A skeleton answer would use a CTE for eligible users, a CTE for comments in the date range, a CTE that counts comments per user, and a final GROUP BY comment_count. The main tradeoff to flag is whether to join raw comments to users first or pre-aggregate comments first; pre-aggregating usually reduces data volume and avoids user rows being duplicated unnecessarily. They should explicitly mention that filtering comments in the WHERE clause after a left join would drop zero-comment users, so the date filter belongs inside the comments CTE or the join condition. A strong close would be: “If I had more time, I’d validate the distribution against total comments and total eligible users, and check whether spam/deleted comments or timezone boundaries change the result.”
A second angle
For “Friend Request Acceptance Rate”, the same ideas apply, but the central challenge is denominator definition rather than distribution construction. The candidate must decide whether the denominator is all sent requests, unique requester-recipient pairs, or only requests that had enough time to be accepted. A clean solution usually deduplicates request events and accept events separately, joins accepts back to sends on requester, recipient, and possibly request date, then computes accepted_requests / sent_requests. The join type matters: using an INNER JOIN would count only accepted requests and produce a misleading 100% acceptance rate. A window function may be needed if multiple requests occur between the same pair, for example to match the first acceptance after the most recent send.
Common pitfalls
An analytical mistake is aggregating at the wrong level, such as counting comments after joining to a user attributes table with multiple historical rows per user. The tempting query may return plausible numbers but inflate active users or comments. A better answer first enforces one row per entity at the intended grain, then joins.
A communication mistake is jumping directly into SQL without clarifying numerator, denominator, population, and time window. Meta interviewers often care less about memorized syntax than whether the candidate can turn an ambiguous product question into a defensible metric. Say your assumptions out loud before coding.
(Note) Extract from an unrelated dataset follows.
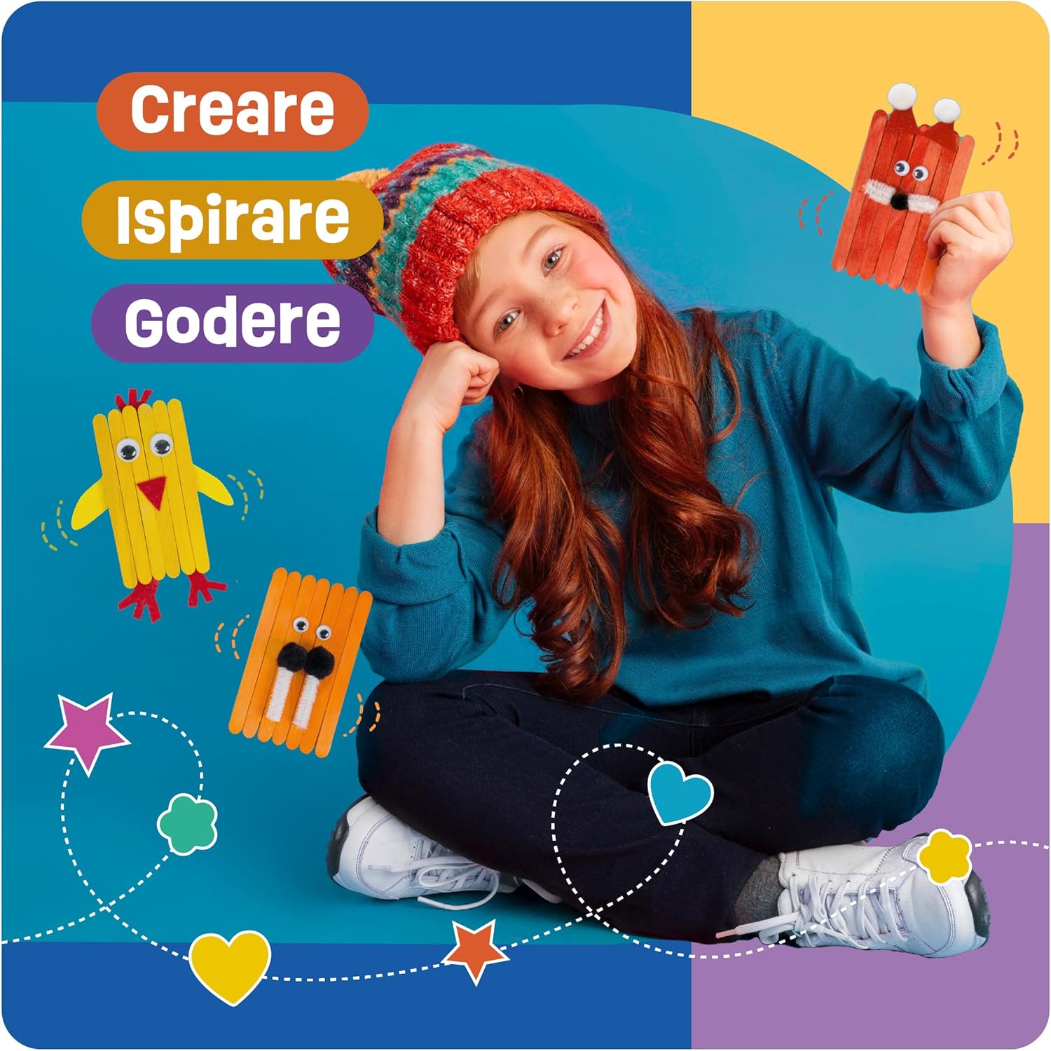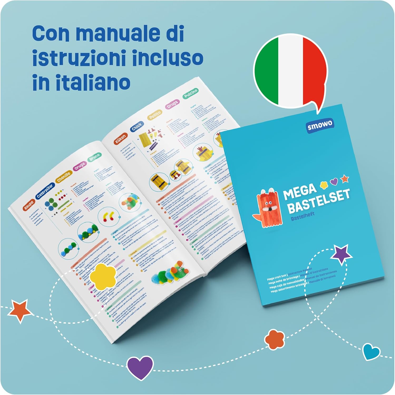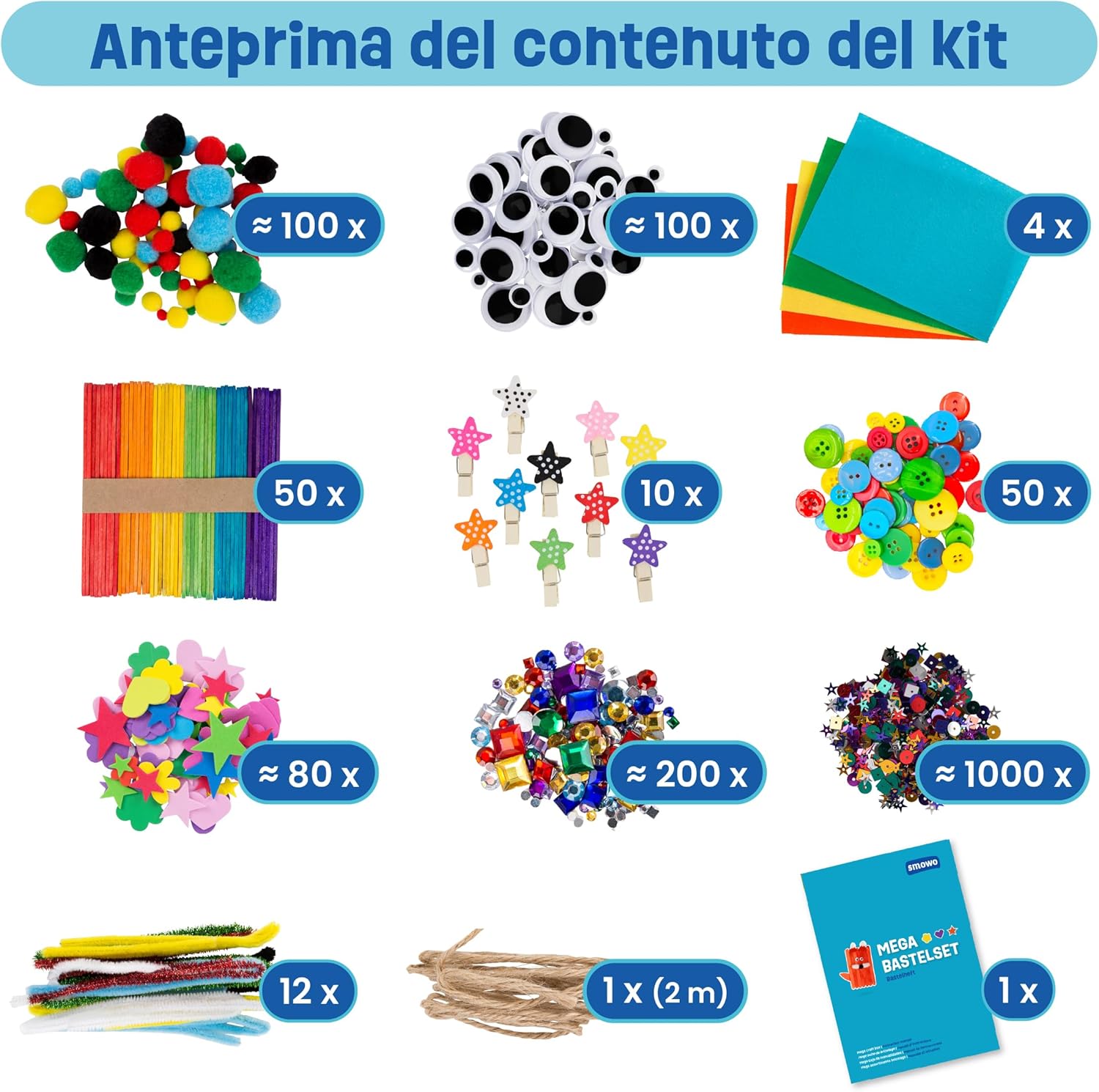 🌟 𝗚𝗥𝗔𝗡𝗗𝗘 𝗗𝗜𝗩𝗘𝗥𝗧𝗜𝗠𝗘𝗡𝗧𝗢 𝗖𝗥𝗘𝗔𝗧𝗜𝗩𝗢: Oltre 1000 pezzi – 11 diversi articoli creativi in una scatola per lavoretti – materiale per ore di attività manuali in un unico set di bricolage 🌟 𝗠𝗘𝗚𝗔 𝗖𝗢𝗡𝗧𝗘𝗡𝗨𝗧𝗢 𝗗𝗘𝗟𝗟𝗔 𝗕𝗢𝗫: 100 pompon, 12 scovolini, 4 fogli A4 in feltro, 100 occhi adesivi, 200 strass, 1000 paillettes, 80 adesivi in gomma EVA, 50 bastoncini creativi, 10 fermagli a stella, 1 cordoncino, 50 bottoni colorati 🌟 𝗖𝗢𝗡 𝗤𝗨𝗔𝗗𝗘𝗥𝗡𝗢 𝗖𝗥𝗘𝗔𝗧𝗜𝗩𝗢: Idee e modelli per iniziare subito a creare con diversi materiali – istruzioni passo passo con 10 motivi facili da realizzare 🌟 𝗣𝗘𝗥 𝗣𝗜𝗖𝗖𝗢𝗟𝗜 𝗘 𝗚𝗥𝗔𝗡𝗗𝗜 𝗔𝗥𝗧𝗜𝗦𝗧𝗜: Il set creativo con tanti materiali è adatto come regalo, per feste di compleanno, vacanze o lavoretti in famiglia – divertimento ideale anche a Natale e Pasqua 🌟 𝗖𝗥𝗘𝗔𝗧𝗜𝗩𝗢 𝗘 𝗘𝗗𝗨𝗖𝗔𝗧𝗜𝗩𝗢: Il materiale di bricolage stimola in modo giocoso la motricità fine, la creatività e la concentrazione dei bambini offrendo allo stesso tempo tanto divertimento

A depth mistake is knowing window function syntax but not tie behavior or frame semantics. For example, using ROW_NUMBER() for “top creators” without specifying deterministic tie-breakers can make results unstable across runs. A stronger answer states whether ties should be included and chooses RANK(), DENSE_RANK(), or ROW_NUMBER() accordingly.
Connections
Interviewers may pivot from SQL mechanics to metric design, experimentation, data quality, or product analytics. Expect follow-ups on retention cohorts, funnel conversion, Simpson’s paradox in segmented aggregates, or how to validate a query against source-of-truth dashboards. For more infrastructure-oriented loops, they may ask about partitioning, approximate distinct counting, or why a query is slow in Presto/Hive.
Further reading
- SQL Antipatterns by Bill Karwin — practical examples of join, null, grouping, and schema mistakes that cause incorrect analytical queries.
- Presto Documentation: Window Functions — useful reference for window ordering, partitions, and frame behavior in a Meta-relevant SQL engine.
- Google BigQuery Documentation: Approximate Aggregate Functions — concise explanation of approximate distinct and quantile functions commonly used for very large datasets.